Your College Degree Timing: Should you Detour from the Pipeline?


This year, student debt climbed higher than credit card debt in the U.S. Though the recession has encouraged more people to pursue higher education, it doesn’t mean that we have more graduates. The Obama administration, along with the Gates and the Lumina Foundation, reacted to the low college graduation rates by vowing to make America the number one country for college graduates, according to Jeff Selingo in his article “On Students’ Paths to College, Some Detours Are Desirable.”

However, the primary method the country is using to see more grads is to encourage more students to jump on a college pathway in high school. The problem: we’ve set a quantitative goal for our students when we need to set a qualitative goal. Look at the students who are already leaving high school, getting a college degree, and walking into the workforce without the skills they need to land a job. It’s not about improving the number of students who are pushed through college; it’s about preparing them with valuable experiences that will mobilize them and the economy.

In his article, Jeff Selingo writes:

One of the best ways to improve completion rates and fill jobs is to make sure that students who go to college after high school are truly ready for it, or else channel them into alternatives that motivate them to go eventually, or give them needed skills for the workplace.


We often have the conversation about higher education not being for everyone, but we should also consider that the timing of higher education is not right for everyone. Many students who enter college right after high school don’t know why they are there. Entering college without any direction is an expensive way to discover the demands of higher education. Many undecided students will drop out after a semester when they see their financial aid dribbling away; change majors and increase their college debt; or stay in college for as long as they can so they can put off facing their undetermined future outside of school.

We need to change the stigma of “nontraditional” students (who make up 40% of all students and are quickly becoming the majority) by unlearning that the decision to go to college is black and white. Instead of asking students for a ‘yes’ or ‘no,’ let’s give students the option to say ‘maybe later.’ If we want more students to enter college and graduate from college, they need to be introduced to the real-world and experience what the real world demands of them. Selingo suggests giving students this structured work experience their senior year in high school. Why wait? High school freshmen can get an internship, volunteer, or work a part-time job. A tech-savvy student can get community service hours by helping a nonprofit modernize their website.

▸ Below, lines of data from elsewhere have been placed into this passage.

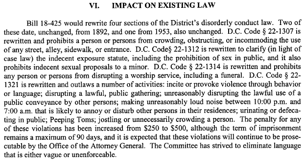 The impact on the current city noise regulations are outlined in the notes from the Committee on Public Safety and the Judiciary (PDF), which Mendelson chairs: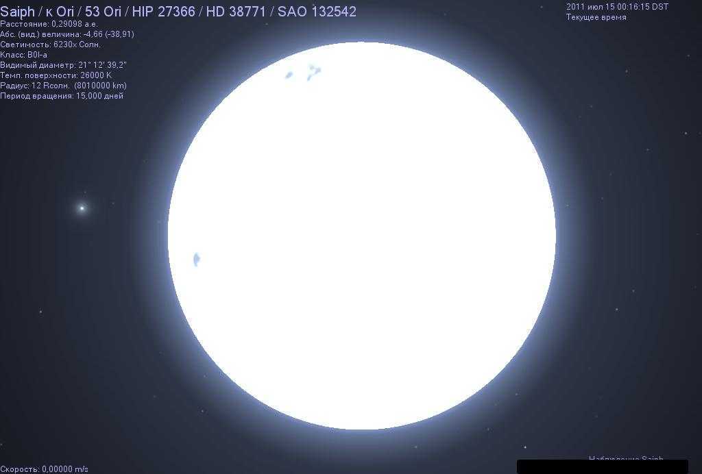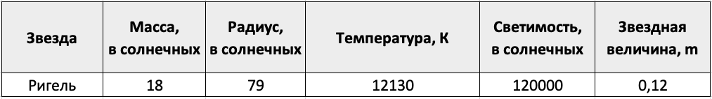 Это ближайшая к Земле звезда, отличающаяся столь высокой светимостью. Ригель удален от поверхности голубой планеты на 860 световых лет, а его яркость превышает солнечную в 130 тысяч раз. Околоэкваториальная звезда относится к группе бело-голубых сверхгигантов.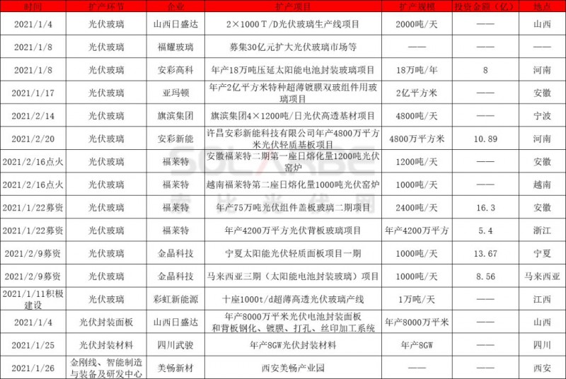 自去年12月16日工信部宣布放開光伏玻璃擴產(chǎn)限制后,2021年開年至今,安彩高科、安彩新能、亞瑪頓紛紛加速光伏玻璃擴產(chǎn)。1月8日,安彩高科宣布與博愛凌創(chuàng)合資成立焦作安彩新材料有限公司,開展年產(chǎn)18萬噸壓延太陽能電池封裝玻璃項目建設。1月17日,亞瑪頓旗下鳳陽硅谷智能有限公司二期項目“年產(chǎn)2億平方米特種超薄鍍膜雙玻組件用玻璃項目”在滁州舉行開工儀式。2月20日,安彩新能年產(chǎn)4800萬平方米光伏輕質基板項目開工,項目投資10.89億,涵蓋1.8~4.0mm厚度光伏玻璃產(chǎn)品,支持超大規(guī)格電池組件。
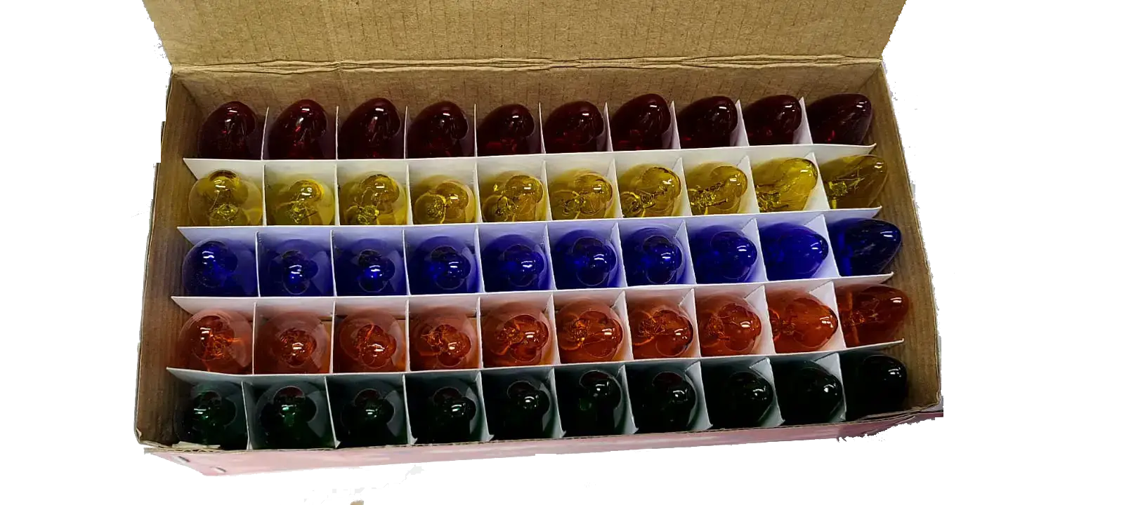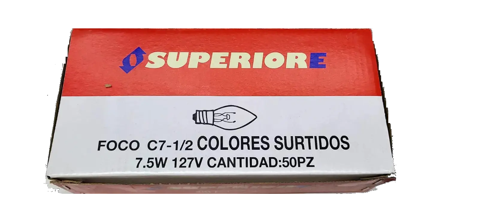 Presentaciones: Caja de 50 focos con 5 colores y transparente disponibles.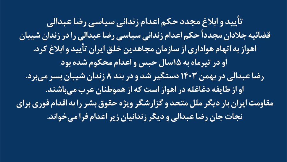 قضاییه جلادان مجدداً حکم اعدام زندانی سیاسی رضا عبدالی را در زندان شیبان اهواز به اتهام هواداری از سازمان مجاهدین خلق ایران تأیید و ابلاغ کرد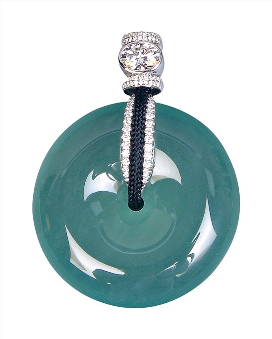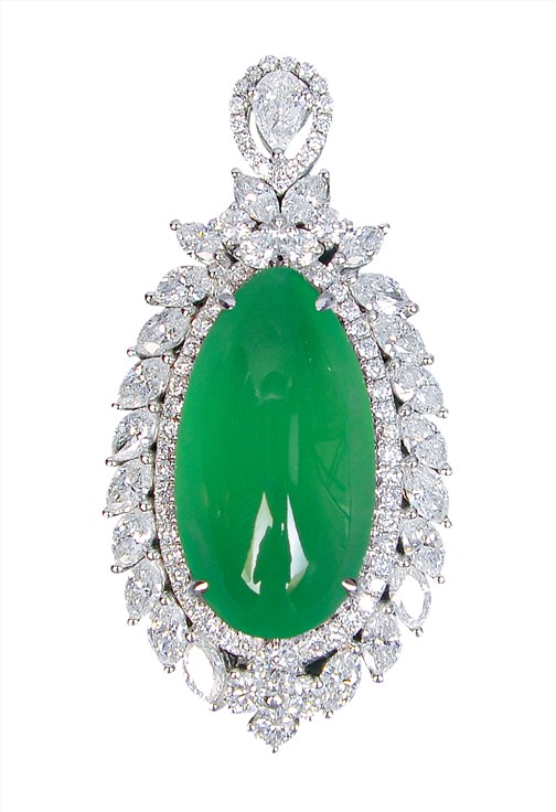 | 007 | 200 | 挂坠 | 镶嵌翡翠、配钻石,印记:Au750,D3.382ct, 总质量:13.20g |

There are endless experiences and connections students can make that will transform their perceptions of college and give them a career-oriented drive to graduate. Encourage the unsure student to take a year (or ten) off to get practical experience, gain transferable skills, and explore their independence in the real world. Whether students are in college or not, the most important step they can take is asking and answering how what they are learning is informing them about themselves, their options, and what they feel called to do in the world. No college or class alone can provide this information. It is the hard work of self – exploration and faith in the midst of the unknown that will allow the insights, connections, and answers to come.